Task goal: Lines from the one with "2、当出现以下对话框时,点击" up to and including the one with "아테나는 에스파(aespa), 키스오브라이프(KISS" are to be copied exactly from the records below, without their pictures.

Data to process:
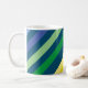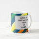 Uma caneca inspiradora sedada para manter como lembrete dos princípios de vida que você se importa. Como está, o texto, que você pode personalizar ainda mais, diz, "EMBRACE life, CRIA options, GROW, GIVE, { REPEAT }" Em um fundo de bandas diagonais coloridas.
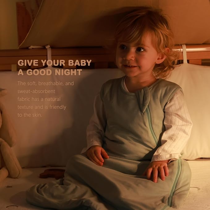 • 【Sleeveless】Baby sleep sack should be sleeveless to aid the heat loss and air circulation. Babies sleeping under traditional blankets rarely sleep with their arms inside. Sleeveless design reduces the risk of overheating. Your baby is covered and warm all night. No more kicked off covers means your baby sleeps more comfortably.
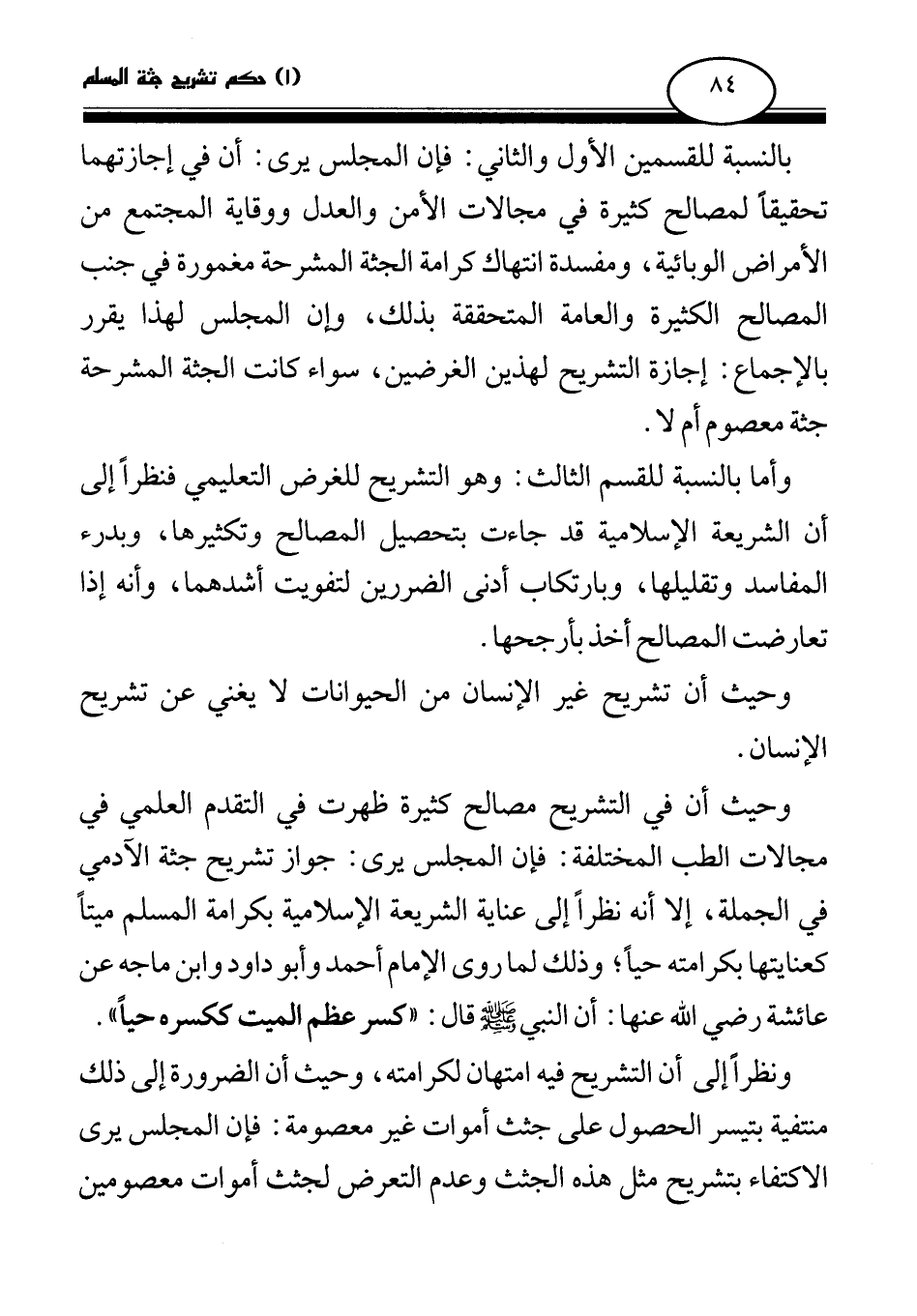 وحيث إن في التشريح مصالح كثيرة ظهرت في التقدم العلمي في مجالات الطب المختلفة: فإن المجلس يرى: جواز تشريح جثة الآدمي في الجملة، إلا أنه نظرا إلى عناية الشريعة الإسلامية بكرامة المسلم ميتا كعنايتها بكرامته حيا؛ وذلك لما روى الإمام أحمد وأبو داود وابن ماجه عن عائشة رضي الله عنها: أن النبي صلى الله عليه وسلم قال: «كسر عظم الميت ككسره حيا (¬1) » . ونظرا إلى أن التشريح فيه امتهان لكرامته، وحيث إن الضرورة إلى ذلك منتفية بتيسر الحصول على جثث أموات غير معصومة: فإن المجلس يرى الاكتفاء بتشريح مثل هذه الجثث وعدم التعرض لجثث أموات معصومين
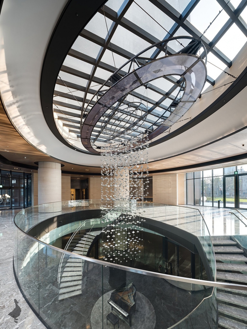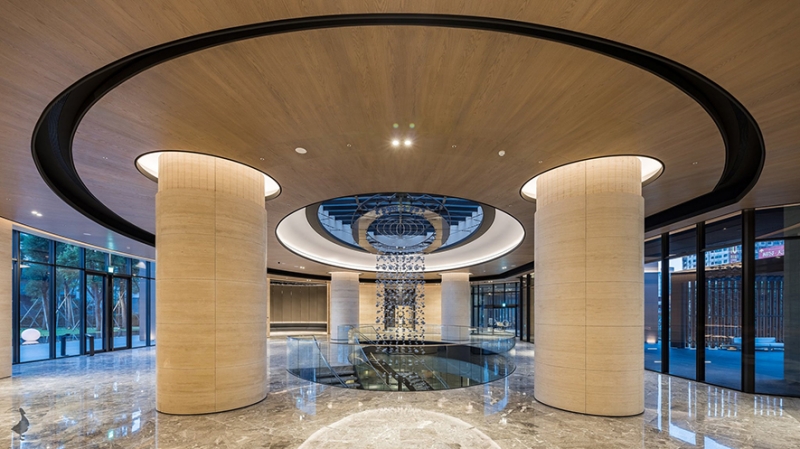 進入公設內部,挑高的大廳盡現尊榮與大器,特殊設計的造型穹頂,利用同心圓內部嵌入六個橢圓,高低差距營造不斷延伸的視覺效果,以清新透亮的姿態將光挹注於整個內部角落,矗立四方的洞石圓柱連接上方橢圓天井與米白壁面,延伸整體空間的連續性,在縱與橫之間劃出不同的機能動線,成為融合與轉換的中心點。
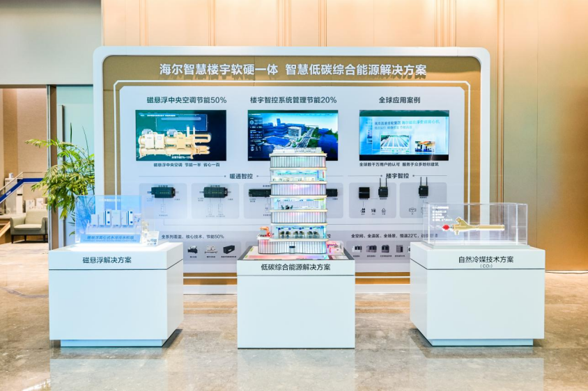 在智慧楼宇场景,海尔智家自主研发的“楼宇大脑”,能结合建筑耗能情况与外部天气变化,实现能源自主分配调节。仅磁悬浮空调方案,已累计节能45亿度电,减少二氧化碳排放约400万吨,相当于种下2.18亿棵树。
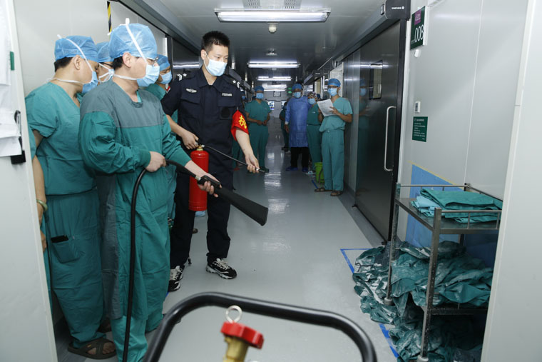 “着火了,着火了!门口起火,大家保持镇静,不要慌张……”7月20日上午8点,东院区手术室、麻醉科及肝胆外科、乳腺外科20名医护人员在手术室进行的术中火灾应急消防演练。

...

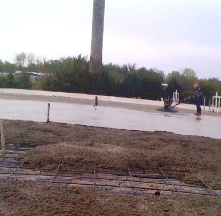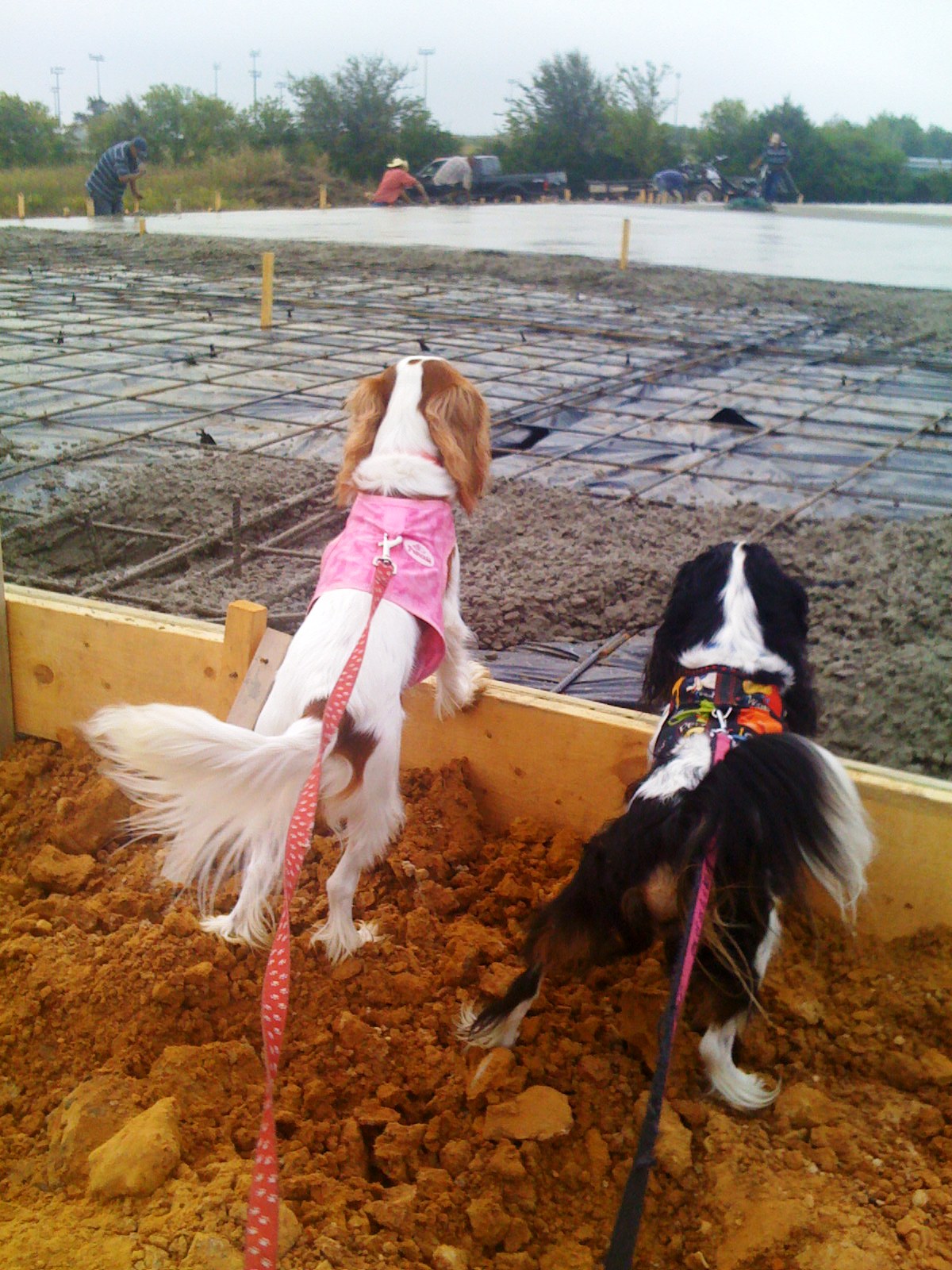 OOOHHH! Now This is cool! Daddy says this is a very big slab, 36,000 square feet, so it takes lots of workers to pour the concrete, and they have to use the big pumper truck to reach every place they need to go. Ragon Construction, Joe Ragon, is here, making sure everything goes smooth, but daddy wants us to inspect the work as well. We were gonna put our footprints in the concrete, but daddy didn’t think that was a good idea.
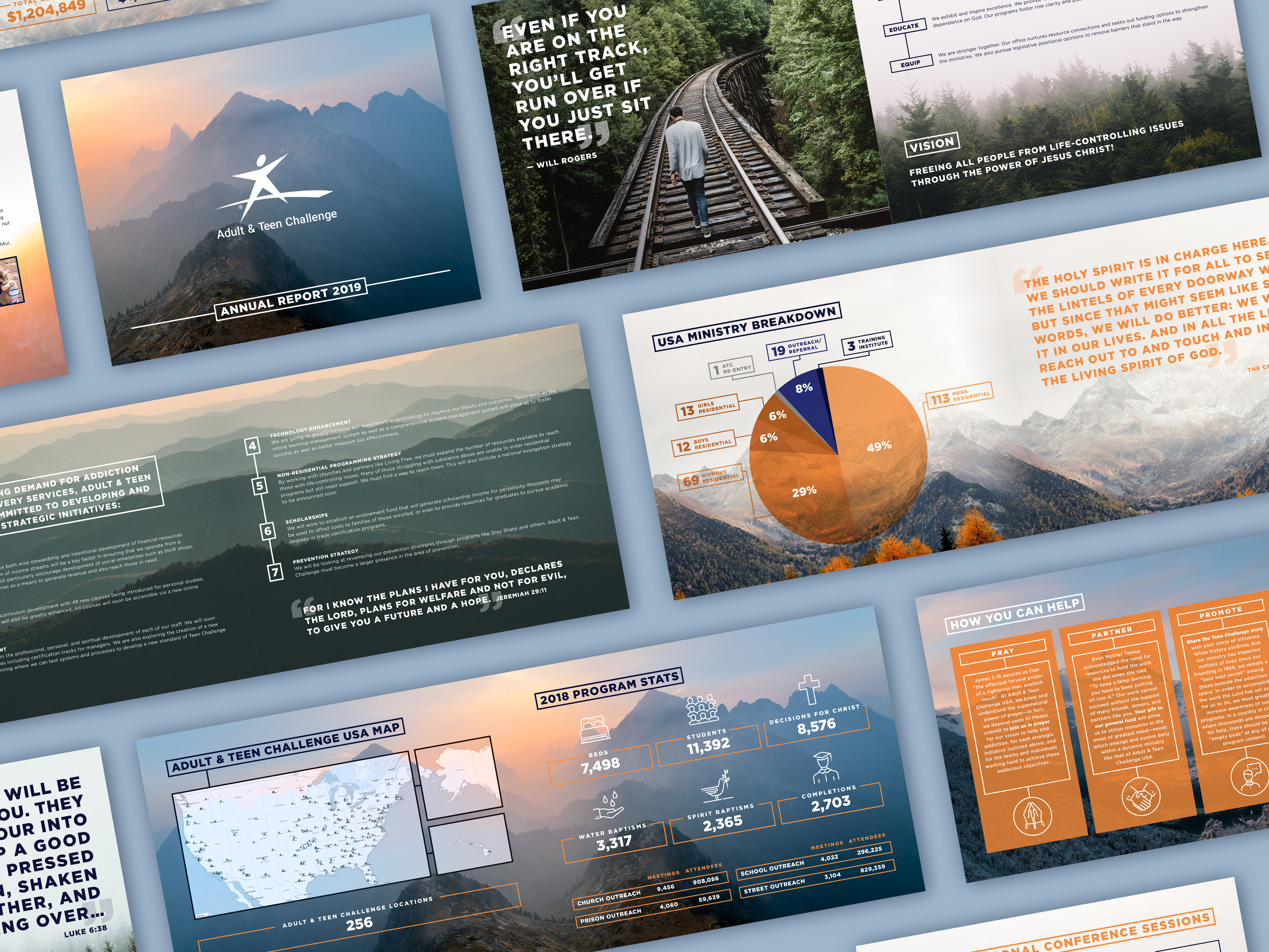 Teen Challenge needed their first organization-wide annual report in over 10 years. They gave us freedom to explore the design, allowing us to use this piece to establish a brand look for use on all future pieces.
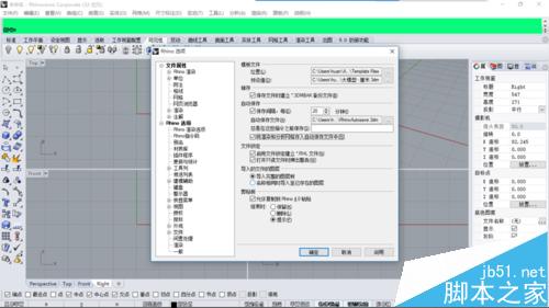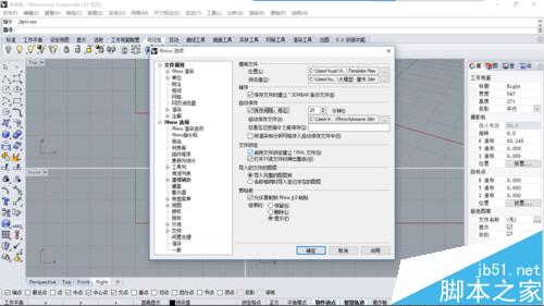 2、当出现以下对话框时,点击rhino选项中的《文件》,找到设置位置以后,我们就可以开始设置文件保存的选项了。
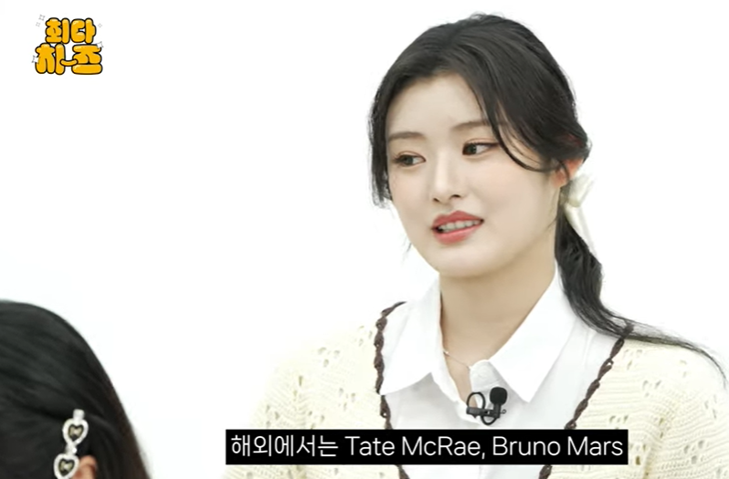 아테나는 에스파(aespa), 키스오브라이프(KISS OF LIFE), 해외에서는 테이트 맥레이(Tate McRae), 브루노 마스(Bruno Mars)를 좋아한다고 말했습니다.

Answer section:
 2、当出现以下对话框时,点击rhino选项中的《文件》,找到设置位置以后,我们就可以开始设置文件保存的选项了。
 아테나는 에스파(aespa), 키스오브라이프(KISS OF LIFE), 해외에서는 테이트 맥레이(Tate McRae), 브루노 마스(Bruno Mars)를 좋아한다고 말했습니다.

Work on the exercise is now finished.